Output word for word the lines from the one with "Deep Anomaly Detection" to the final line of the data, both ends included, but skip the pictures.

__Material provided__.
++++

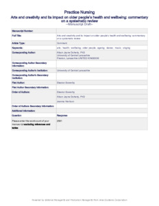 Arts and creativity and its impact on older people’s health and wellbeing: commentary on a systematic review.
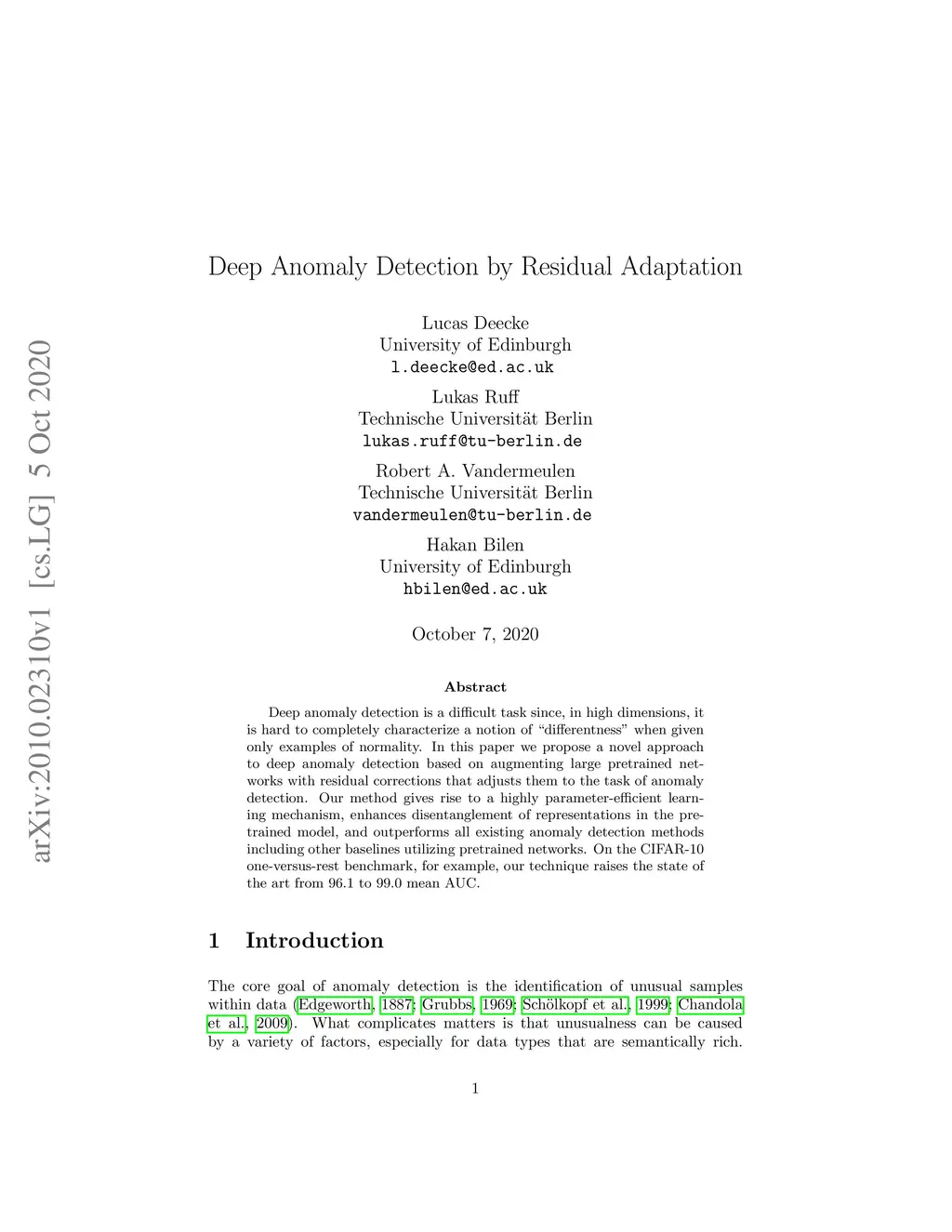 Deep Anomaly Detection by Residual Adaptation
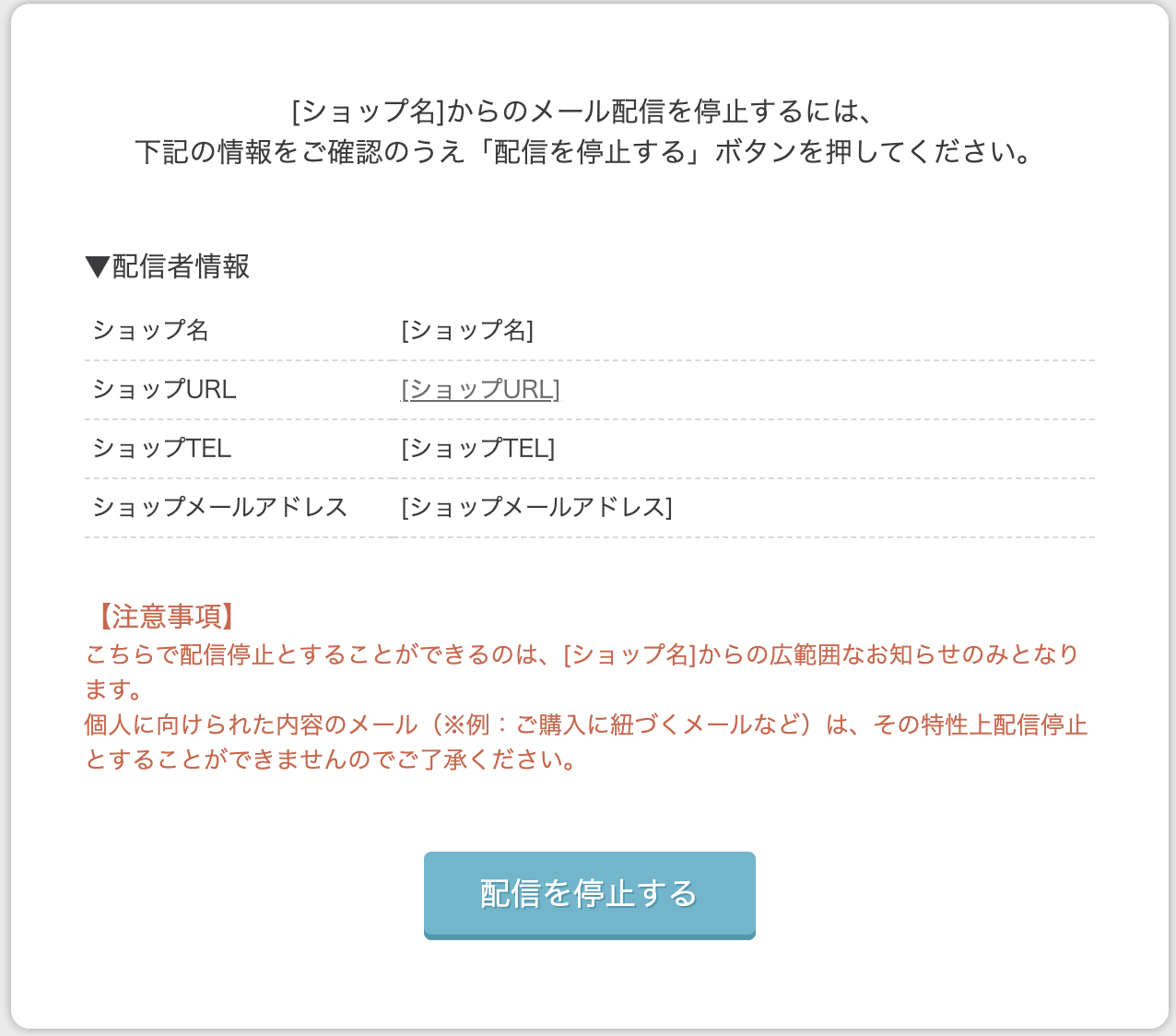 詳しくはスポットメールのフッターにデフォルトで記載の配信停止へのリンクについてもご参照ください。
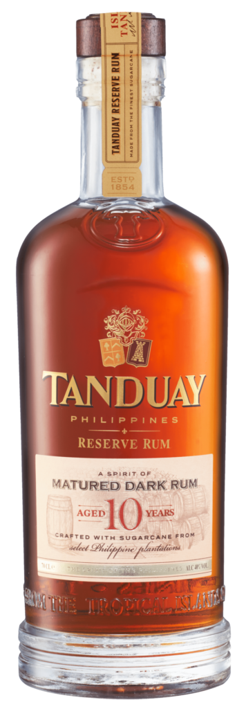 Tanduay Reserve Rum 10 Years is one of Tanduay’s acclaimed premium rums. It is a medium rum that honors time and tradition, as it is aged for 10 years in ex-bourbon barrels. Perfect for both sipping neat or in cocktails, it has aromas of dried fruits, toasted oak, vanilla, and butterscotch. On the palate, this dark amber-colored rum offers flavors of caramel, vanilla, and dried fruits, finishing with woody notes, raisins and dark chocolate.

++++

__Written solution__.
 Deep Anomaly Detection by Residual Adaptation
 詳しくはスポットメールのフッターにデフォルトで記載の配信停止へのリンクについてもご参照ください。
 Tanduay Reserve Rum 10 Years is one of Tanduay’s acclaimed premium rums. It is a medium rum that honors time and tradition, as it is aged for 10 years in ex-bourbon barrels. Perfect for both sipping neat or in cocktails, it has aromas of dried fruits, toasted oak, vanilla, and butterscotch. On the palate, this dark amber-colored rum offers flavors of caramel, vanilla, and dried fruits, finishing with woody notes, raisins and dark chocolate.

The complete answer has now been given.